_Task brief:_
Give back exactly the lines from the start of the entries below to the line holding "Elevate your dining", that line included, and leave every picture out.

*** Data shown ***

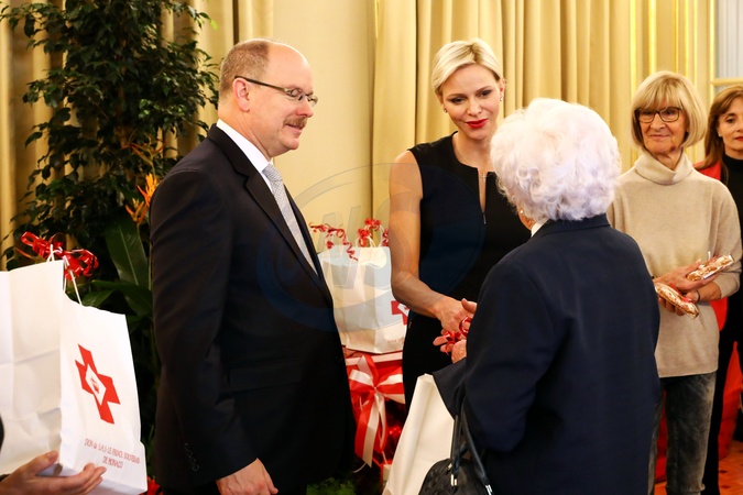 Ksiezna Charlene i ksiaze Albert wreczyli prezenty w siedzibie Czerwonego Krzyza
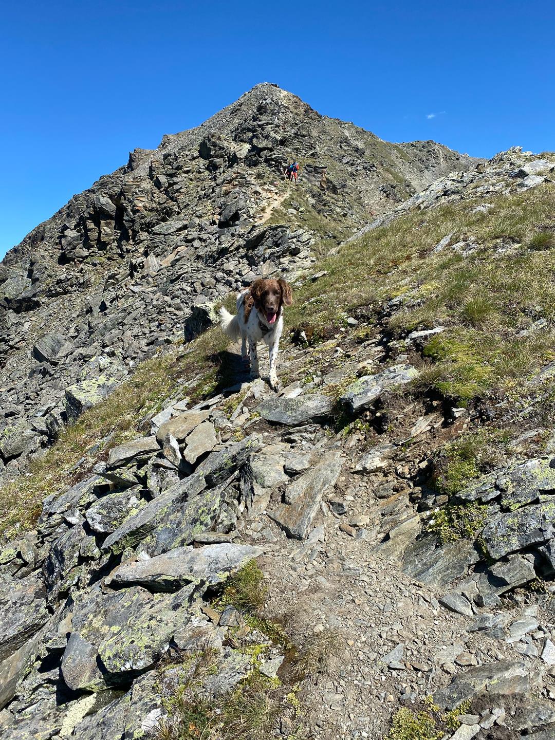 Auch wenn meine taffe Senioren-Hündin Lotte diese Tour noch im stolzen Alter von 13 Jahren gemeistert hat – diese Hüttentour ist definitiv nicht für jedes fellige Exemplar geeignet. Lotte konnte für die schwierigen Stellen nämlich nicht nur auf einen unglaublichen Erfahrungsschatz zurückgreifen, sondern verfügte trotz des Alters über eine hervorragende Kondition und Trittsicherheit. Darüber hinaus waren wir beide als Team so derart gut eingespielt, wie man es eben nur nach zehntausenden gemeinsamen Höhenmetern sein kann.
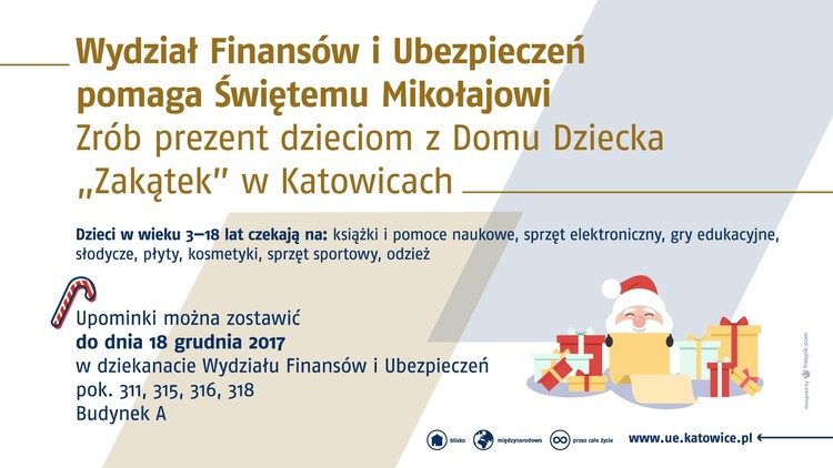 Po raz kolejny Wydział Finansów i Ubezpieczeń organizuje zbiórkę dla dzieci z Domu Dziecka "Zakątek" w Katowicach. Upominki można zostawiać w dziekanacie WFiU do 18 grudnia 2017 r.
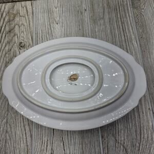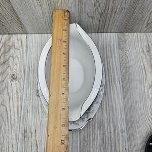 Elevate your dining experience with the Sango Florentine Gravy Boat, complete with an attached underplate. Crafted with care in Japan, this vintage piece features an elegant platinum trim that adds a touch of sophistication to any table setting.
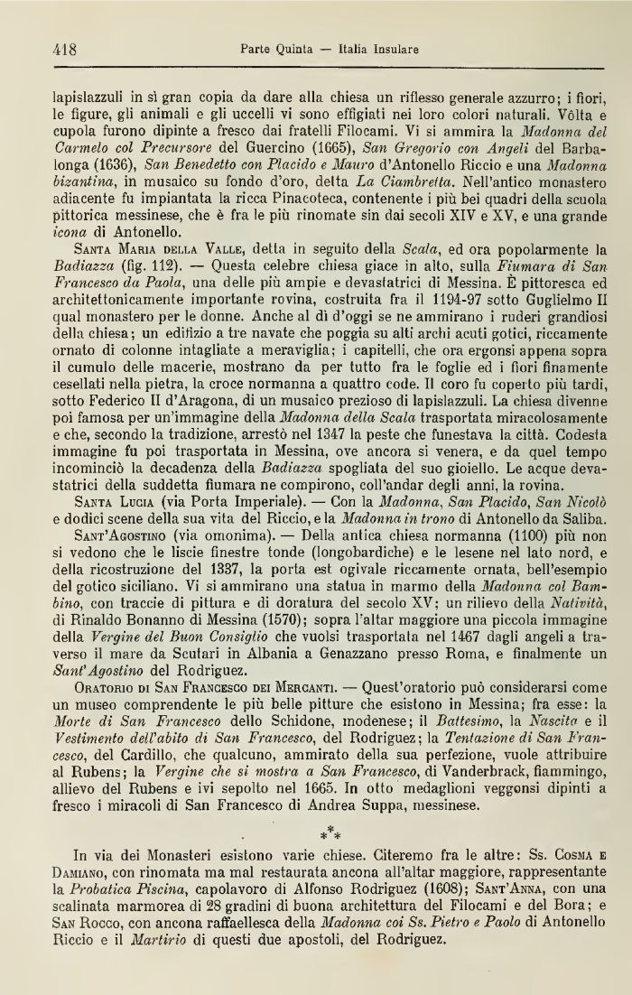 Santa Maria della Valle, detta in seguito della Scala, ed ora popolarmente la Badiazza (fig. 112). — Questa celebre chiesa giace in alto, sulla Fiumara di San Francesco da Paola, una delle più ampie e devastatrici di Messina. È pittoresca ed architettonicamente importante rovina, costruita fra il 1194-97 sotto Guglielmo II qua! monastero per le donne. Anche al dì d'oggi se ne ammirano i ruderi grandiosi della chiesa; un editlzio a tre navate che poggia su alti archi acuti gotici, riccamente ornato di colonne intagliate a meraviglia; I capitelli, che ora ergonsi appena sopra d cumulo delle macerie, mostrano da per tutto fra le foglie ed i fiori finamente cesellati nella pietra, la croce normanna a quattro code. Il coro fu coperto più tardi, sotto federico II d'Aragona, di un musaico prezioso di lapislazzuli. La chiesa divenne poi famosa per un'immagine della Madonna della Scala trasportata miracolosamente e che, secondo la tradizione, arrestò nel 1347 la peste che funestava la città. Codesta immagine fu poi trasportata in Messina, ove ancora si venera, e da quel tempo incominciò la decadenza della Badiazza spogliata del suo gioiello. Le acque devastatrici della suddetta fiumara ne compirono, coll'andar degli anni, la rovina.
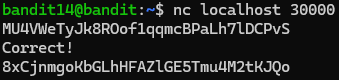 bandit14의 크리덴셜을 확보했으니 localhost의 30000번 포트로 접속한다. 이번엔 원격 접속이 아닌 단순 접속이므로 nc를 이용한다. nc(netcat)는 TCP와 UDP로 connect 또는 listen을 하는 명령어이다.
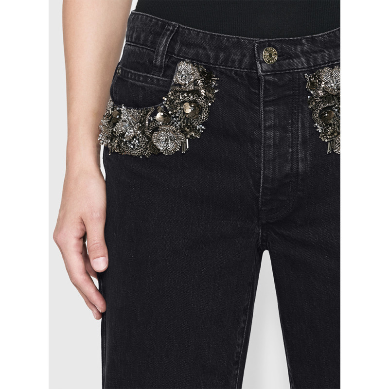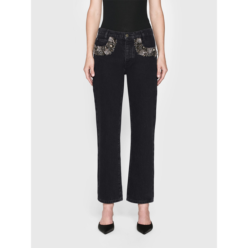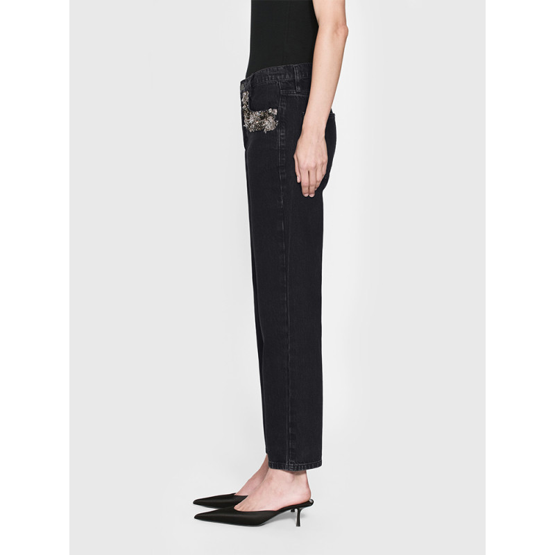 HANG THE FRAME女士黑色钉珠装 饰宽松直筒牛仔裤
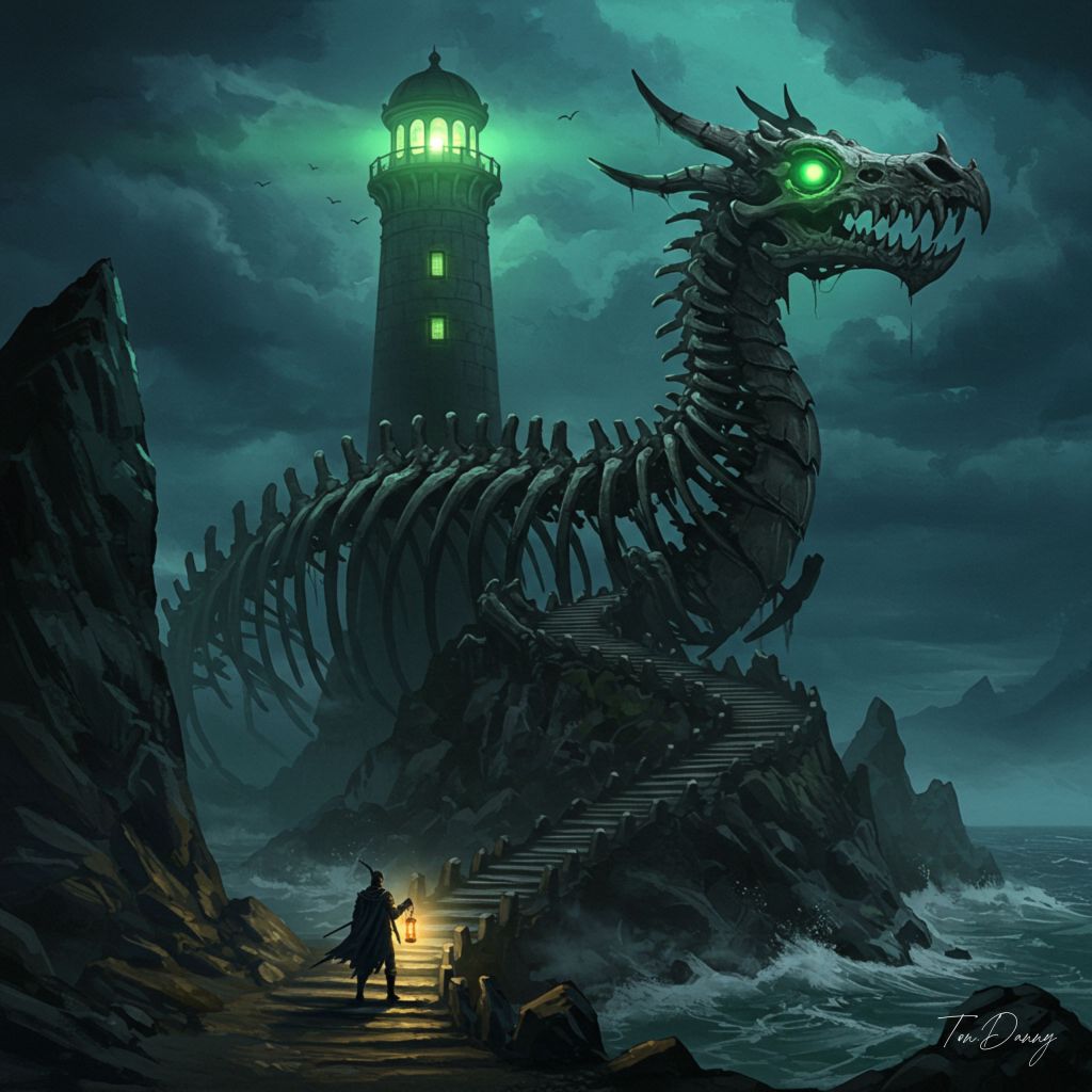 “Oil painting, Soul-like Eastern style, Dark fantasy atmosphere. A colossal lighthouse shaped like a dragon’s skeleton rises from the jagged cliffs of a desolate shore. Its eyes emit an eerie green light that pierces through the stormy night. A lone figure, clad in tattered black armor, ascends the winding staircase carved into the dragon’s spine, holding a lantern that flickers with ghostly fire.”
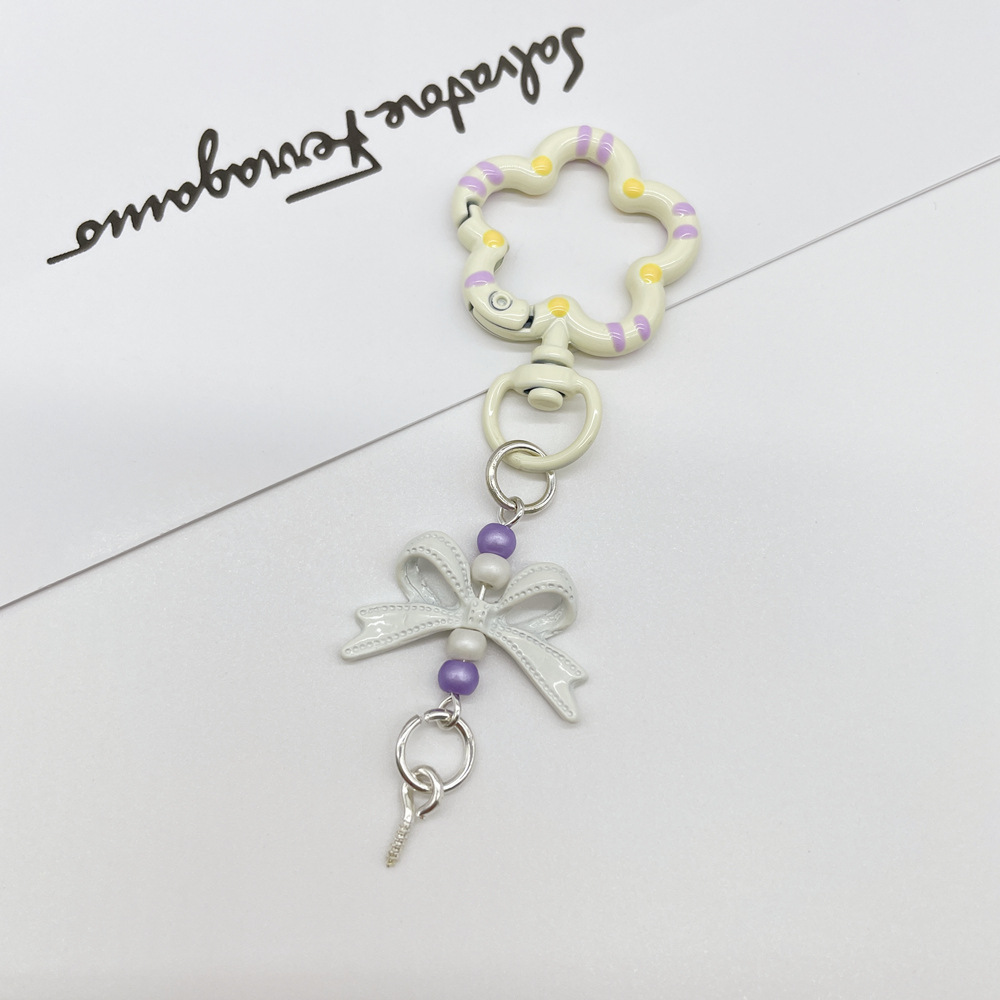 • 오프화이트 (플라워 스프링 버클 + 리본 조합 열쇠고리)
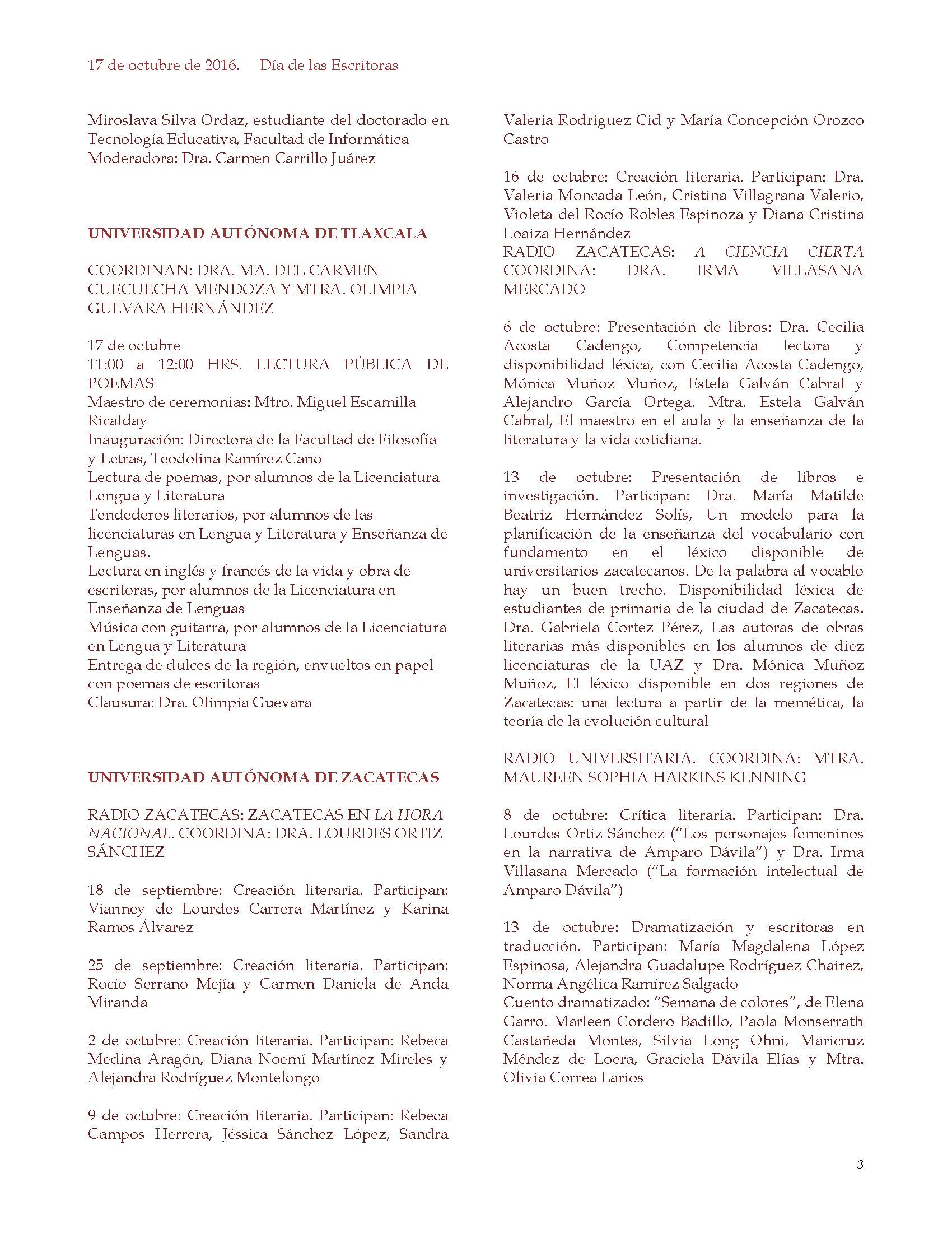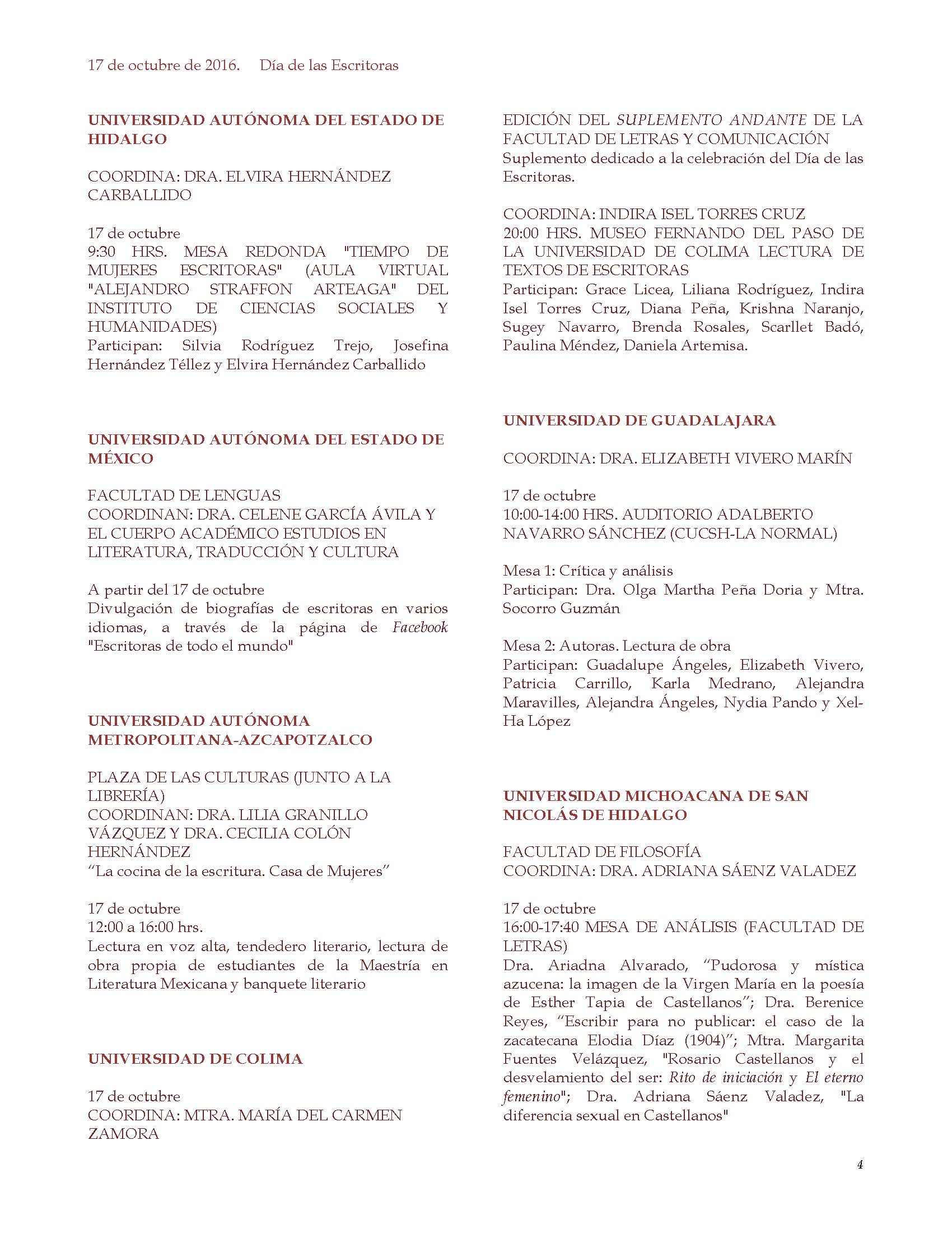 2016-octubre, Colima, Día de las Escritoras, escritoras, Escritura de mujeres, Michoacán, Toluca, UACM, UAM-Azcapotzalco, Universidad Autónoma de Querétaro, Universidad Autónoma de Tlaxcala, Universidad Autónoma de Zacatecas, Universidad Autónoma del Estado de Hidalgo, Universidad Autónoma Metropolitana-Azcapotzalco, Universidad de Guadalajara, Universidad Michoacana de San Nicolás de Hidalgo, Universidad Veracruzana, Voces en Tinta
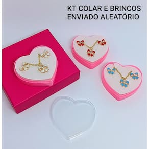 Aviso: as estampas são enviadas aleatoriamente conforme estoque. Produto não é totalmente à prova d’água. Garantia de 30 dias para sua tranquilidade. Kit Conjunto Colar e Brincos Infantil + Caixinha Coração Complete o presente com um conjunto encantador de bijuteria infantil, perfeito para ocasiões especiais ou para o dia a dia com muito charme:
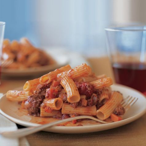 This rich sauce, redolent of red wine and the sweet flavors of pork and fennel, is a classic pairing with rigatoni. This recipe makes enough sauce for dinner tonight plus 2 additional dishes.
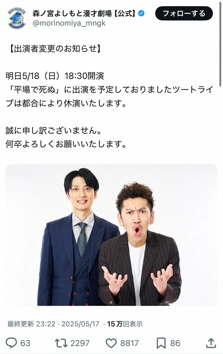 森ノ宮よしもと漫才劇場が公式Xで17日、ツートライブの休演を発表した。ツートライブは同日行われた賞レース「THE SECOND」で優勝。その直後の発表だった。
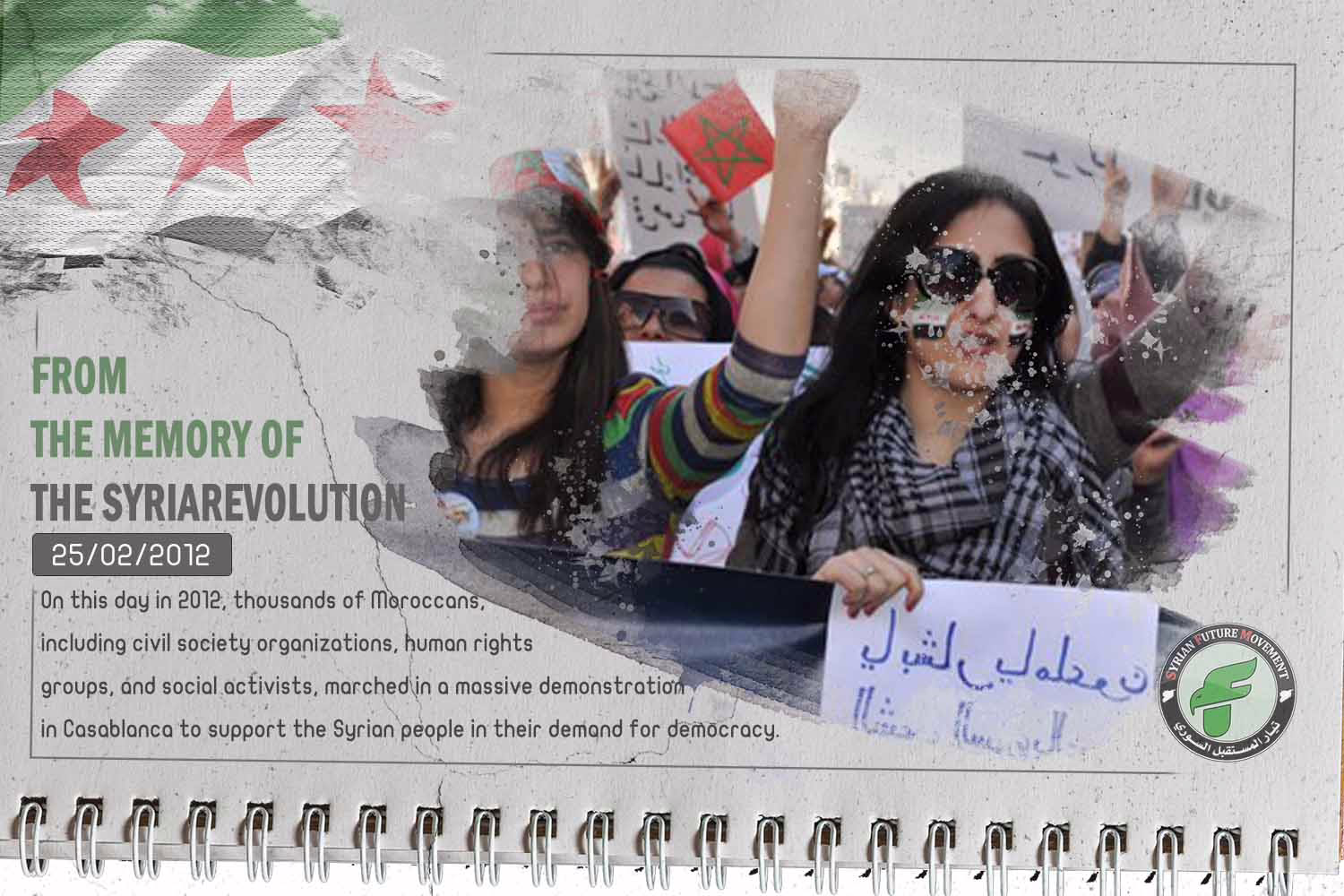 On this day in 2012, thousands of Moroccans, including civil society organizations, human rights groups, and social activists, marched in a massive demonstration in Casablanca to support the Syrian people in their demand for democracy.

*** End of Data shown ***

_Your response:_
 Ksiezna Charlene i ksiaze Albert wreczyli prezenty w siedzibie Czerwonego Krzyza
 Auch wenn meine taffe Senioren-Hündin Lotte diese Tour noch im stolzen Alter von 13 Jahren gemeistert hat – diese Hüttentour ist definitiv nicht für jedes fellige Exemplar geeignet. Lotte konnte für die schwierigen Stellen nämlich nicht nur auf einen unglaublichen Erfahrungsschatz zurückgreifen, sondern verfügte trotz des Alters über eine hervorragende Kondition und Trittsicherheit. Darüber hinaus waren wir beide als Team so derart gut eingespielt, wie man es eben nur nach zehntausenden gemeinsamen Höhenmetern sein kann.
 Po raz kolejny Wydział Finansów i Ubezpieczeń organizuje zbiórkę dla dzieci z Domu Dziecka "Zakątek" w Katowicach. Upominki można zostawiać w dziekanacie WFiU do 18 grudnia 2017 r.
 Elevate your dining experience with the Sango Florentine Gravy Boat, complete with an attached underplate. Crafted with care in Japan, this vintage piece features an elegant platinum trim that adds a touch of sophistication to any table setting.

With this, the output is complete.